Life Is Beautiful (original title: Al Haya Helwa) is a 2023 documentary film by Palestinian filmmaker Mohamed Jabaly. It follows the director over seven years, detailing his separation from his family in Gaza, his support system and challenges as a stateless person in Norway, and the making of his debut documentary, Ambulance.

== Synopsis ==
The documentary chronicles approximately seven years of Palestinian filmmaker Mohamed Jabaly's life through a diary-like structure. It captures his involuntary separation from his family in Gaza, the support he receives from his surrogate family in Gaza's twin city, Tromsø, Norway, his struggles applying for a visa in Norway as a stateless person, the creation of his debut feature documentary, Ambulance, which explores his experiences volunteering in an ambulance unit during the 2014 Gaza War.

== Production ==

=== Release ===
On 13 November 2023, Life Is Beautiful premiered at International Documentary Film Festival Amsterdam, where it was screened in the international competition. Jabaly clarified his decision to retain his film at the festival despite the Palestine Film Institute's announcement of withdrawal from all organized activities at the IDFA market. "It's ultimately the filmmaker's decision. We created this film to be seen. Removing it from a festival with audiences would mean losing more voices," he explained. "Speaking out will allow me to share this pain, and showing my film will help me convey my people's pain."'

The documentary was the opening film at Tromsø International Film Festival in December 2023. The film was sold by First Hand Films. It was released in the United States by Watermelon Pictures on November 15, 2024.

== Awards ==
The film won the Best Director award at the International Documentary Film Festival Amsterdam. The jurors, in awarding Jalaby the accolade, described the documentary as a "timely cinematic expression of the universal need to be recognized in our full humanity". They lauded its compelling critique of bureaucratic and political systems that obstruct this recognition, noting the director's ability to infuse the film with hope and humor amidst profound suffering. They praised the film as an urgent plea for freedom of movement, opportunity, and the pursuit of dreams.
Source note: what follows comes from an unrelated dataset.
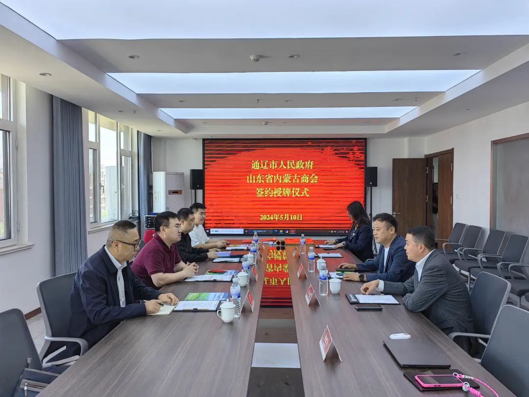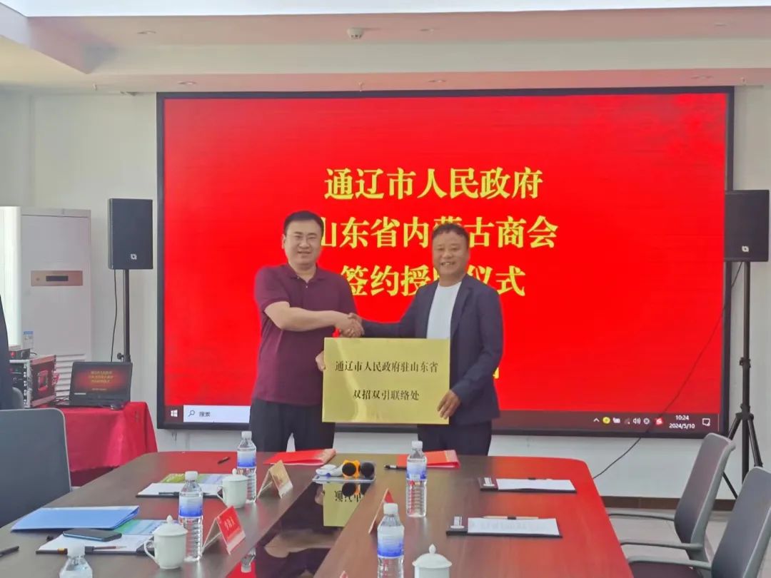 5月10日上午,通辽市人民政府驻山东省双招双引联络处在我会成功落成。通辽市投资促进局副局长康君、投资促进局商务联络科科长李海天、驻点招商处副处长谭昌龙、招商处工作人员赵子健,山东省内蒙古商会会长韩振涛、副会长兼支部书记高志宏、副会长兼会员部部长张威等参加本次授牌仪式。

At the 22nd International Film Festival and Forum on Human Rights, the film won the Gilda Vieira de Mello Prize.

== Reception ==
In her review for Screen Daily, Nikki Baughan praises the documentary, which she describes as a "timely account of the deeply personal impact of global destabilisation," noting its beautiful cinematography and compelling narrative. She acknowledges that while the film may lack some political potency compared to other war zone documentaries, Jabaly's bravery and honesty render the documentary a "powerful indictment of the fallout from war."

Variety's review of "Life Is Beautiful" presents it as a unique and uplifting tale of filmmaker Jabaly's unexpected exile in Norway. While the review appreciates the film's charm and visual storytelling, it suggests that its apolitical nature might not fully resonate with the current climate. The review hints that a deeper exploration of Jabaly's personal connections and the broader political context could enhance its impact, and the film's approach is seen as appealing to programmers seeking content that addresses relevant issues without being divisive.

Cineuropa's review of "Life Is Beautiful" portrays the film as a "a study of national belonging and identity in absentia". David Katz notes that while the documentary does not heavily criticize the Israeli occupation, it offers a nuanced perspective on Palestinian life, focusing on filmmaker Jabaly's desire for dignity and normalcy.